You’ll find the malware sample used in the examples in this chapter in this book’s data under the directory /ch1. To demonstrate the techniques discussed in this chapter, we use ircbot.exe, an Internet Relay Chat (IRC) bot created for experimental use, as an example of the kinds of malware commonly observed in the wild. As such, the program is designed to stay resident on a target computer while connected to an IRC server. After ircbot.exe gets hold of a target, attackers can control the target computer via IRC, allowing them to take actions such as turning on a webcam to capture and surreptitiously extract video feeds of the target’s physical location, taking screenshots of the desktop, extracting files from the target machine, and so on. Throughout this chapter, I demonstrate how static analysis techniques can reveal the capabilities of this malware.

The Microsoft Windows Portable Executable Format

To perform static malware analysis, you need to understand the Windows PE format, which describes the structure of modern Windows program files such as .exe, .dll, and .sys files and defines the way they store data. PE files contain x86 instructions, data such as images and text, and metadata that a program needs in order to run.

The PE format was originally designed to do the following:

Tell Windows how to load a program into memory The PE format describes which chunks of a file should be loaded into memory, and where. It also tells you where in the program code Windows should start a program’s execution and which dynamically linked code libraries should be loaded into memory.

Supply media (or resources) a running program may use in the course of its execution These resources can include strings of characters like the ones in GUI dialogs or console output, as well as images or videos.

Supply security data such as digital code signatures Windows uses such security data to ensure that code comes from a trusted source.

The PE format accomplishes all of this by leveraging the series of constructs shown in Figure 1-1.

Figure 1-1: The PE file format

As the figure shows, the PE format includes a series of headers telling the operating system how to load the program into memory.
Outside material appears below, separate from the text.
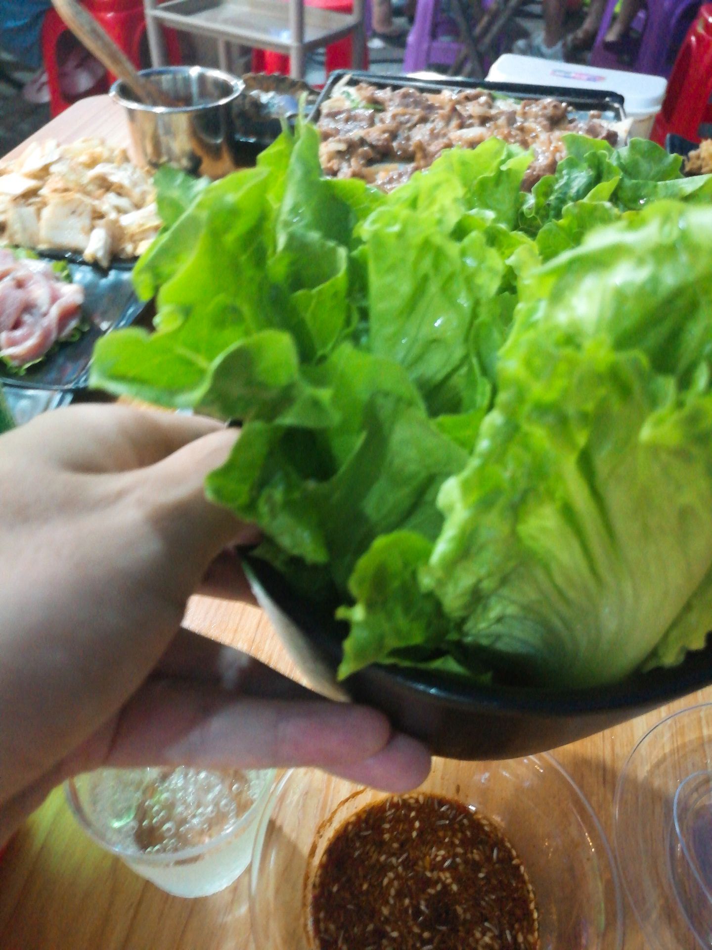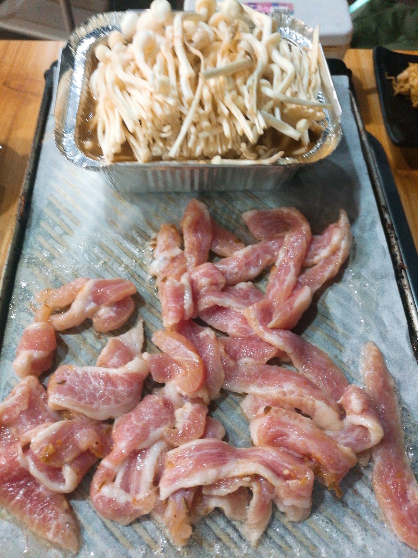 芳芳纸上烤肉(前埔城职店)就在城职门口那条东北烧烤一条街上的店,想吃烤肉就找到他们家了 牛肉,店家老板有提前腌制入味,直接烤熟后,然后包上生菜,很好吃,牛肉很嫩[鼓掌]酸菜五花肉,也是必点拉,烤好肯定也是要包上生菜吃,这样不会太咸,太腻,好吃。[呲牙] 另外像店家其他的菜如猪颈肉、鱼豆腐、大白菜,烤起来都是不错吃的,店里食材都很是新鲜。
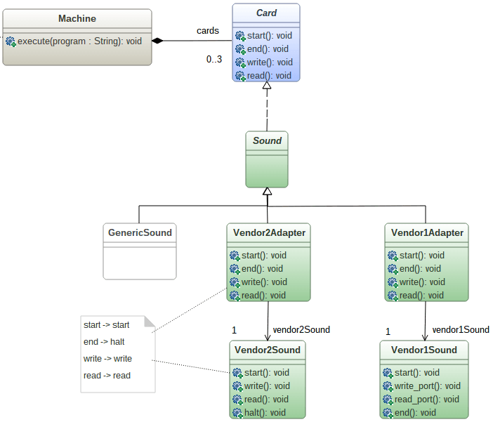Tener múltiples elecciones sobre nuestra SoundCard es agradable. Sin embargo, incluso si están en la misma página sobre la forma en que debería funcionar la tarjeta, no usan una interfaz común y proporcionan diferentes operaciones que tienen casi la misma semántica. En este contexto, los adaptadores son un tipo de convertidores de socket que envolverán al proveedor de tarjetas de sonido e implementarán la interfaz común al delegar el comportamiento a la tarjeta envuelta. Por ejemplo, Vendor2Adapter implementa el método end () delegando su ejecución al método halt () del elemento Vendor2Sound.

It also includes a series of sections that contain the actual program data. Windows loads the sections into memory such that their memory offsets correspond to where they appear on disk. Let’s explore this file structure in more detail, starting with the PE header. We’ll skip over a discussion of the DOS header, which is a relic of the 1980s-era Microsoft DOS operating system and only present for compatibility reasons.

The PE Header

Shown at the bottom of Figure 1-1, above the DOS header ➊, is the PE header ➋, which defines a program’s general attributes such as binary code, images, compressed data, and other program attributes. It also tells us whether a program is designed for 32- or 64-bit systems. The PE header provides basic but useful contextual information to the malware analyst. For example, the header includes a timestamp field that can give away the time at which the malware author compiled the file. This happens when malware authors forget to replace this field with a bogus value, which they often do.

The Optional Header

The optional header ➌ is actually ubiquitous in today’s PE executable programs, contrary to what its name suggests. It defines the location of the program’s entry point in the PE file, which refers to the first instruction the program runs once loaded. It also defines the size of the data that Windows loads into memory as it loads the PE file, the Windows subsystem, the program targets (such as the Windows GUI or the Windows command line), and other high-level details about the program. The information in this header can prove invaluable to reverse engineers, because a program’s entry point tells them where to begin reverse engineering.

Section Headers

Section headers ➍ describe the data sections contained within a PE file. A section in a PE file is a chunk of data that either will be mapped into memory when the operating system loads a program or will contain instructions about how the program should be loaded into memory. In other words, a section is a sequence of bytes on disk that will either become a contiguous string of bytes in memory or inform the operating system about some aspect of the loading process.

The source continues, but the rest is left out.